Configuring individual components (配置单个组件)

Each component (source, sink or channel) in the flow has a name, type, and set of properties that are specific to the type and instantiation. For example, an Avro source needs a hostname (or IP address) and a port number to receive data from. A memory channel can have max queue size (“capacity”), and an HDFS sink needs to know the file system URI, path to create files, frequency of file rotation (“hdfs.rollInterval”) etc. All such attributes of a component needs to be set in the properties file of the hosting Flume agent.

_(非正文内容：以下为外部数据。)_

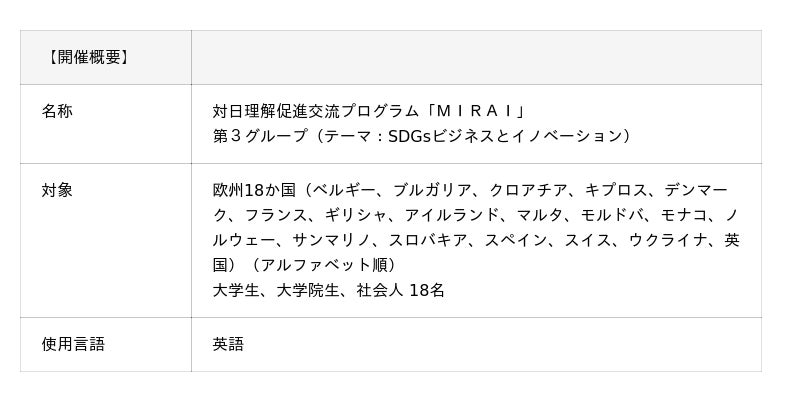 外務省が推進する国際交流事業「対日理解促進交流プログラム『MIRAI』」の一環として、本プログラムは「SDGsビジネスとイノベーション」をテーマに、欧州18か国から18名の大学生、大学院生、社会人が東京都、神奈川県、山梨県を訪問します。講義の聴講、視察、交流、文化体験を通じて、日本への理解を深めます。

流中的每个组件（source, sink or channel）都一个name, type 和特定于类型和实例化的属性集。例如，Avro source 需要主机名（hostname或IP地址）和端口号来接收数据。内存通道是一个具有最大值得队列（“capacity”），HDFS sink 需要知道文件系统URI，创建文件的路径，文件轮换频率（“hdfs.rollInterval”）等。组件的所有此类属性需要在托管Flume代理的属性文件中设置。

Wiring the pieces together

The agent needs to know what individual components to load and how they are connected in order to constitute the flow. This is done by listing the names of each of the sources, sinks and channels in the agent, and then specifying the connecting channel for each sink and source. For example, an agent flows events from an Avro source called avroWeb to HDFS sink hdfs-cluster1 via a file channel called file-channel. The configuration file will contain names of these components and file-channel as a shared channel for both avroWeb source and hdfs-cluster1 sink.

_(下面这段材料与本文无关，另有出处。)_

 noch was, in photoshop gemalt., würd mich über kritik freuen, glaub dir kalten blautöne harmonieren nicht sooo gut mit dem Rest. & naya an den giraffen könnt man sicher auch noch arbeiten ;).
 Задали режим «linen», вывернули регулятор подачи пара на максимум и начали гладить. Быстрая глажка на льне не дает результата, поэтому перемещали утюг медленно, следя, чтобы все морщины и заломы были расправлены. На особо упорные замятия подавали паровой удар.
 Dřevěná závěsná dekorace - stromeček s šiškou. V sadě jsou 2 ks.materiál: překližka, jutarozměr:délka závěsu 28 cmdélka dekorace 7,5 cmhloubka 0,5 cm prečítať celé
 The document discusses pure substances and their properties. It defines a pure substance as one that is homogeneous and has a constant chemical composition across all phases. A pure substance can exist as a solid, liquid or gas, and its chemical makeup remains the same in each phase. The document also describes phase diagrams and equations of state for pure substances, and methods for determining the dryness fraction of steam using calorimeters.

代理需要知道要加载哪些组件以及它们如何连接以构成流。这是通过列出代理中每个源，接收器和通道的名称，然后为每个接收器和源指定连接通道来完成的。例如，代理通过名为file-channel的文件通道将事件从名为avroWeb的Avro源流向HDFS sink hdfs-cluster1。配置文件将包含这些组件的名称和文件通道，作为avroWeb源和hdfs-cluster1接收器的共享通道。

Starting an agent

使用名为flume-ng的shell脚本启动代理程序，该脚本位于Flume发行版的bin目录中。您需要在命令行上指定代理名称，配置目录和配置文件：

bin/flume-ng agent -n $agent_name -c conf -f conf/flume-conf.properties.template

现在，代理将开始运行配置在属性文件中的source和sinks

A simple example

在这里，我们给出一个示例配置文件，描述单节点Flume部署。此配置允许用户生成事件，然后将其打印到控制台。

# example.conf: A single-node Flume configuration

# Name the components on this agent
a1.sources = r1
a1.sinks = k1
a1.channels = c1

# Describe/configure the source
a1.sources.r1.type = netcat
a1.sources.r1.bind = localhost
a1.sources.r1.port = 44444

# Describe the sink
a1.sinks.k1.type = logger

# Use a channel which buffers events in memory
a1.channels.c1.type = memory
a1.channels.c1.capacity = 1000
a1.channels.c1.transactionCapacity = 100

# Bind the source and sink to the channel
a1.sources.r1.channels = c1
a1.sinks.k1.channel = c1

这个配置定义了一个名为a1的agent。该agent有一个监听本地44444端口数据的source，一个将数据缓存到内存中的channel，和一个将事件数据打印到控制台的sink。配置文件中命名各种组件，然后描述组件的types 和配置参数。一个给定的配置文件钟可能会定义多个命名代理（named agent）, 当一个给定的Flume进程启动时，会传递一个标志，告诉它要显示哪个命名代理。

基于此配置文件，我们可以按如下方式启动Flume：

扫描二维码关注公众号，回复： 2469316 查看本文章

bin/flume-ng agent --conf conf --conf-file example.conf --name a1 -Dflume.root.logger=INFO,console

请注意，在完整部署中，我们通常会包含一个选项： --conf = <conf-dir>。 <conf-dir>目录将包含一个shell脚本flume-env.sh以及一个log4j属性文件。在这个例子中，我们传递一个Java选项来强制Flume将日志打印到控制台，我们没有自定义环境脚本。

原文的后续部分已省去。